Huynh, from Hickory, N.C., also heard about Linfield from family members.
“My aunt and uncle went to Linfield,” he said. “We always visited Oregon, so when I told my mom, she just said, ‘If you want to go to Oregon, that’s fine.’”
Kersting grew up in Ames, Iowa. She, like Peterson, searched specifically for a school similar to Linfield.
“I knew that I was looking for a private, liberal arts school in a small town,” she said. “Everything that Linfield is.”
She said that she searched online and then took a road trip with her father to visit her top schools.
“I fell in love with Linfield,” she said.
That is a common reaction for visiting students, Peterson said.
“Students are attracted to the kind of education and community that Linfield offers,” Patterson said. “The friendly atmosphere and connection that students have to the faculty is something that prospective students pick up on when they visit.”
That atmosphere made it easier for these students to feel at home from their hometowns despite the long distance.
Oregon vs. home
If Peterson could go back and do it again, she said that she wouldn’t change anything.
“It’s almost like studying abroad,” she said. “I’m just in a different state instead of a different country.”
She said that many people are surprised to learn that she is from Minnesota.
“Everyone asks ‘Why are you here?’” She said. “They always want to try the Minnesota accent, and they are disappointed that I don’t have an accent.”
Kersting said that many people don’t know where her home is.
“They think that Iowa is in the south,” she said. “It’s just silly.
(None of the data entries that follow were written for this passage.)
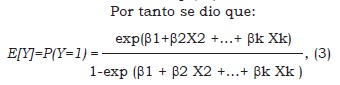La aproximación logística a la estimación generalizada de la influencia de los parámetros sobre la variable dependiente para el modelo final se expresa como: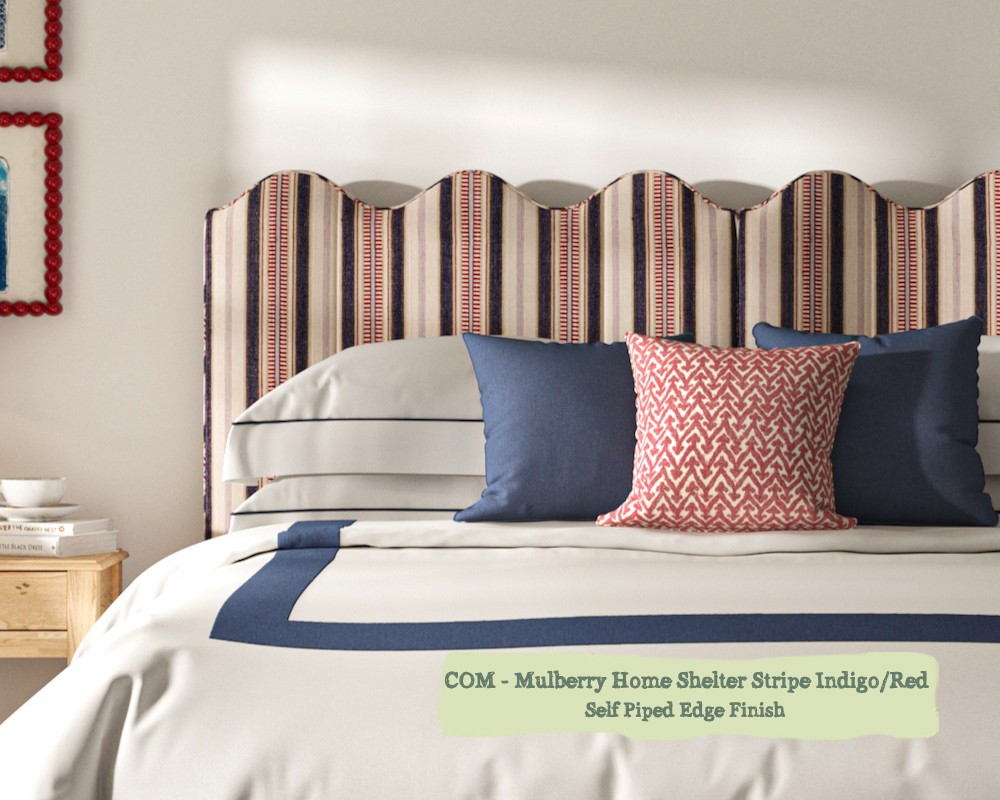 We are absolutely delighted with our headboard! The fabric is exactly right in our room and looks beautiful with the piping. The delivery process was seamless and my husband was able to install the headboard without any difficulties.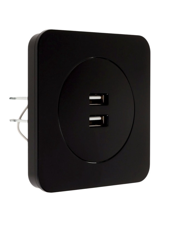 Розетка с 2 USB-A разъёмами, 2.1А, 5В, серия "Circular", 10 А, скрытая, черная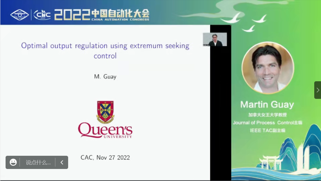 加拿大女王大學教授、Journal of Process Control主編、IEEE TAC副主編Martin Guay作題為“Output regulation of uncertain systems using extremum seeking control“的大會報告。報告主要分享了極值搜索控制如何實現對最優條件的調節,以應對未知環境的影響,同時討論極值搜索控制在高空偽衛星上的具體應用。
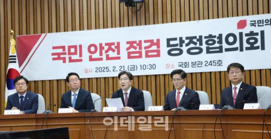 [이데일리 노진환 기자] 권성동 국민의힘 원내대표가 21일 오전 서울 여의도 국회에서 열린 국민 안전 점검 당정협의회에서 모두발언을 하고 있다. |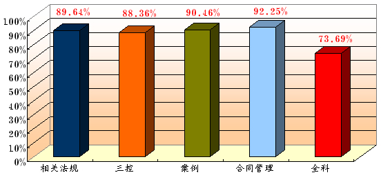 | 監(jiān)理基本理論和相關(guān)法規(guī) | 72.55% | 79.00% | 83.90% | 88.53% | 88.90% | 89.13% | 89.64% |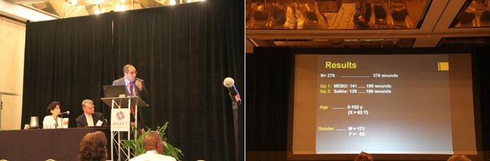 8月30日上午,MohamedSakr教授以“Assessmentof Regenerative Therapy (MEBT/MEBO) in Healing ofVariousOpen Wounds: A Multicenter Controlled Randomized Trial”為題發(fā)表了燒傷再生醫(yī)學(xué)在260余例燒傷、創(chuàng)傷、糖尿病足潰瘍領(lǐng)域應(yīng)用的研究報(bào)告,深深吸引了在座參會專家。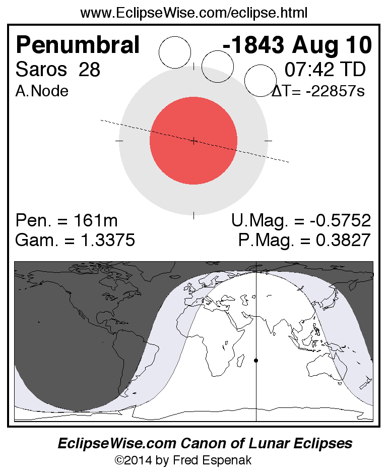 Another lunar eclipse occurs one synodic month before the -1843 Aug 10 eclipse. It is the penumbral lunar eclipse of -1843 Jul 11.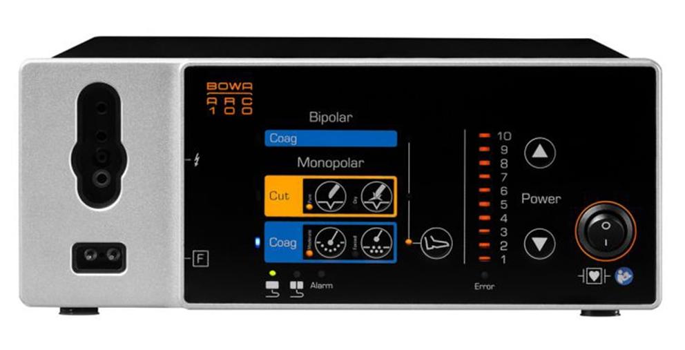 ARC 100 с максимальной выходной мощностью в 100 ватт и оснащен пятью режимами: два режима для монополярного сечения, два режима для монополярной коагуляции, а также режим биполярной коагуляции.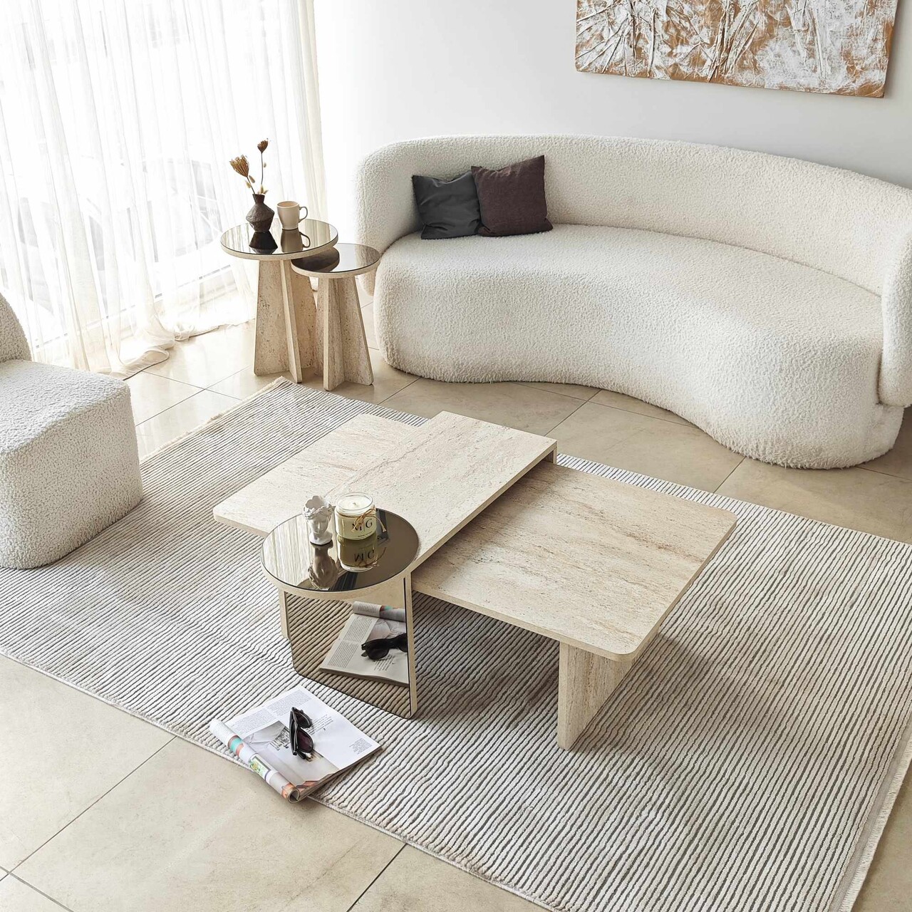 Set masute Nesting 4 piese, Hanah Home, Luna, PAL, Travertine / Bronze
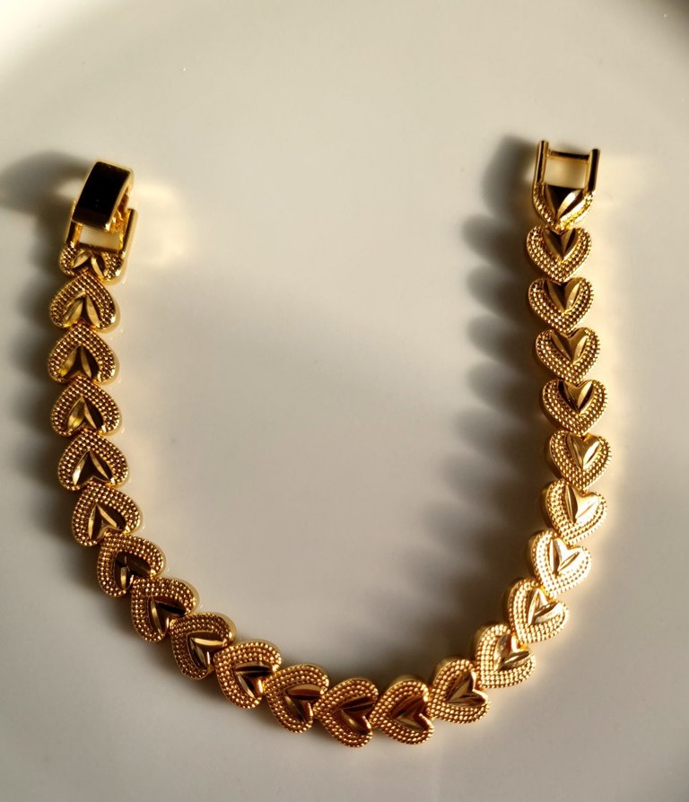 Parlak altın renkte, zincir detaylı ve kalp desenli vintage tarzda bileklik. Romantik akşamlar için klasik şıklık sunar. Vip ürünler pirinç (bronz) hammaddesi kullanılarak üretilmektedir. Kaplamaları üst kalite olan bu ürünler, sıvıya karşı dayanıklı, kararma yapmayan, antialerjik ve günlük kullanıma uygundur. Ürün süslemelerinde kullanılan taş cinsi zirkon taştır.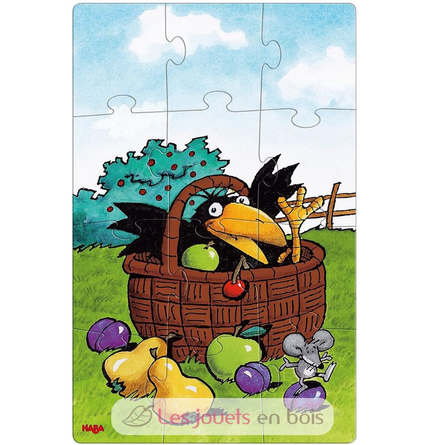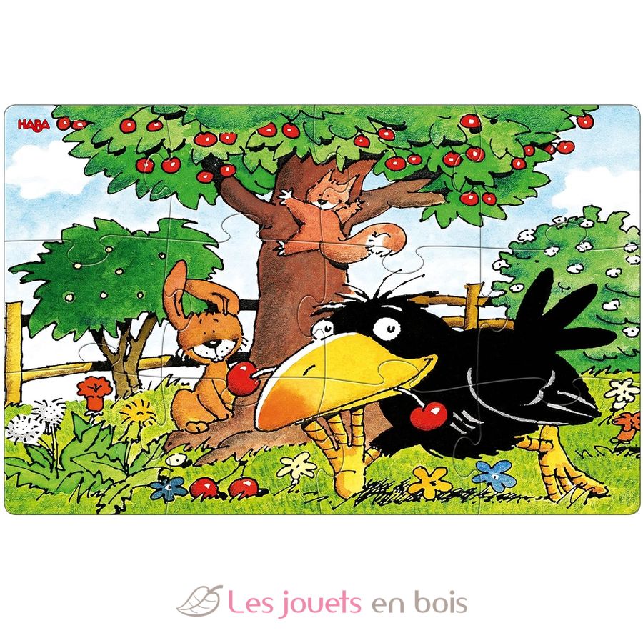 Voler des cerises, des poires, des pommes et des prunes juteuses dans le verger est particulièrement amusant pour Theo le corbeau. Ces puzzles pour enfant montrent le corbeau en train de faire son activité préférée : dans le premier puzzle, le corbeau Theo attrape une paire de délicieuses cerises ; dans l'autre, il est assis joyeusement dans un panier plein de fruits.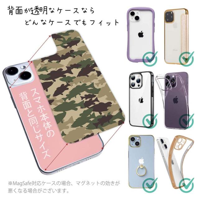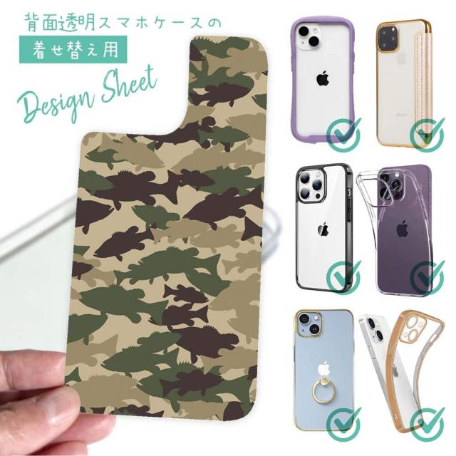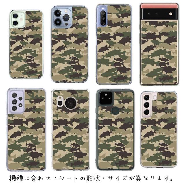 スマホケース iPhone Google Pixel Xperia Galaxy AQUOS arrows 着せ替え シート インナーシート スマホカバー 背面 透明 クリア オリジナル デザイン 釣り 魚 ルアー ブラックバス 迷彩大柄 ブラウンカラー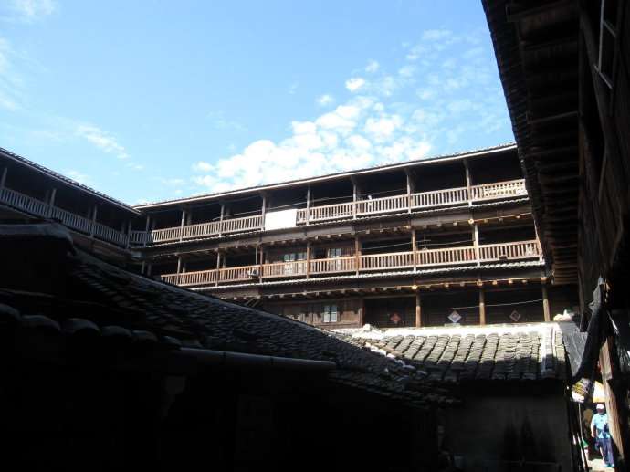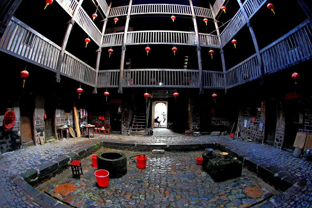 亦有五鳳型,橢圓型,八卦型,永定最多,將近二萬多座。南靖亦有一萬五千多座。永定以客家人為主,南靖為閩南人.土樓內(nèi)有水井和排水,門大多只有一個,多的有3個。房間的窗戶較小。遠(yuǎn)處看去就是一個堡壘。門比較結(jié)實,大多包了鐵皮,晚上大門一關(guān),非常安全。土樓的中間是祠堂,祠堂有的是獨(dú)立的。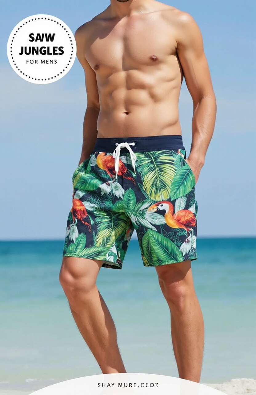Feel the tropical vibes with these swim trunks covered in lush, green leaves. It’s like carrying a piece of paradise with you. Perfect for exotic beach destinations.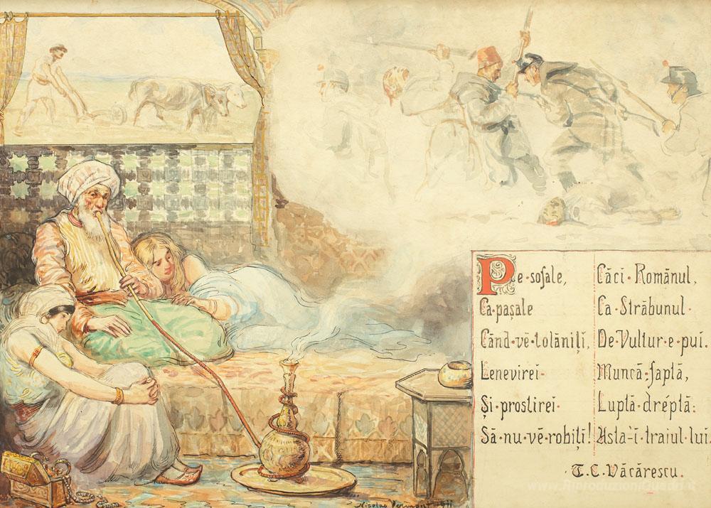 Ti offriamo una riproduzione artigianale su tela dell'opera famosa 'Storie rumeni' di Nicolae Vermont, dal Museo delle Riproduzioni.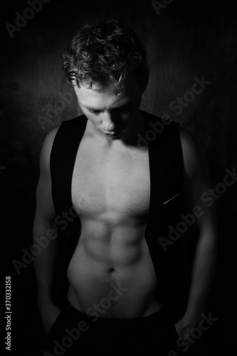 Fototapeta premium Handsome male with open waistcoat revealing defined pecs and muscular sixpack abs looking down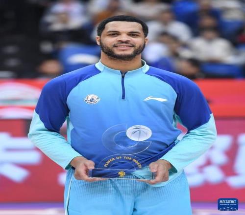 1月15日,青島嶗山啤酒隊(duì)球員韋瑟斯龐在賽前接受“月度最佳球員”獎。新華社記者 李紫恒 攝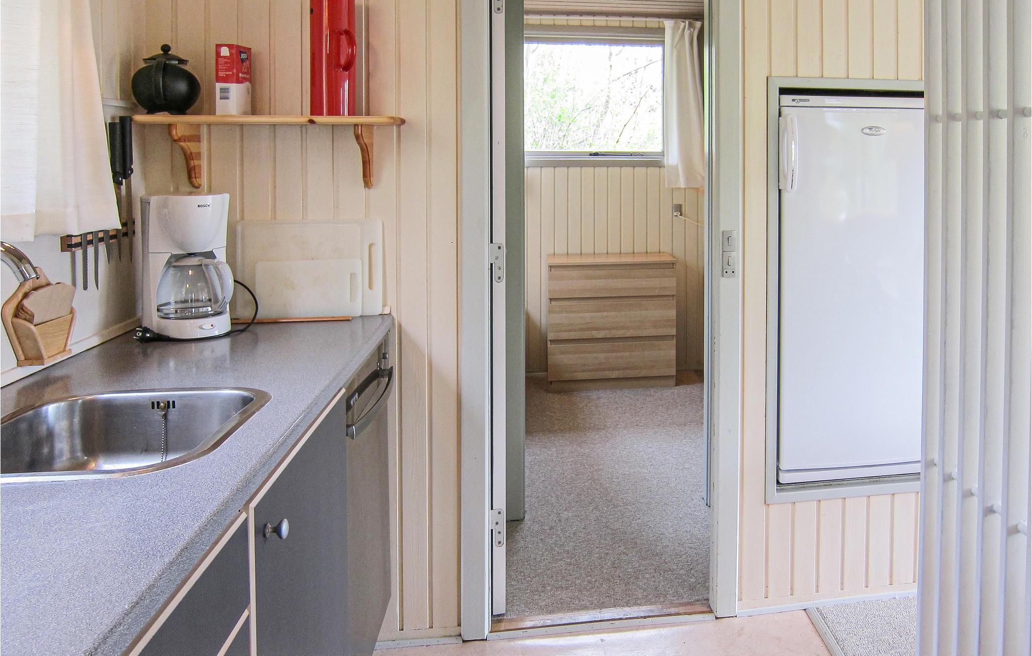 De fine trævægge indendørs skaber en hyggelig atmosfære, og indretningen er pæn og funktionel. I har mulighed for at tænde op i brændeovnen på kølige dage.

Didn’t you pass fifth grade geography? I know where your state is; why don’t you know where mine is?”
Overall, though, she is happy in Oregon.
“I’ve never been so homesick that I thought about transferring,” she said.
However, she said that the distance can be difficult sometimes.
“As I’ve gotten older, I’ve gotten more homesick,” she said. “I’ve learned to appreciate home.”
Kersting said that this is one of the advantages of attending a school far from home.
“When I left home, I was sick of Iowa,” she said. “I graduated with the same people I went to kindergarten with, and I was ready to leave.”
It has also made her more self-reliant, Kersting said.
She said that one of her high school friends came to visit her once and watched her go grocery shopping, do her own laundry and manage her own money. Her friend was surprised by how Kersting’s maturity.
“I probably wouldn’t have learned that if I had stayed home,” Kersting said. “I might still be working for my mom like I did in high school.”
Moving to Oregon has changed Koten drastically, she said, but in a good way.
“Ever since I stepped on campus, I felt totally comfortable and in my element,” she said. “I knew I would be successful here, and I would love it.”
She said that she is a lot more outgoing than she used to be and more outdoor-oriented.
“It is difficult to guess what I would have been like if I had stayed, but, so far, I feel good about the kind of person I’m becoming,” she said. “I’m so glad I made the decision I did.”
Huynh said that the distance has made him more independent.
“I have to feed myself and take care of myself,” he said. “I have no parents to take me out to dinner.”
The hardest part for him was not leaving his family in North Carolina, but leaving his friends.
“It’s hard to stay in contact with them,” he said. “Family is always there for you, but friends are harder. I’ve learned to let go.”
All four students have moved far from home and left some pieces of their lives behind, but they say that they have received much from their Linfield experience, and none of them regret it. In fact, all four plan to continue spreading their horizons outside their home states after college, either in Ore. or in a different state that is waiting to be explored.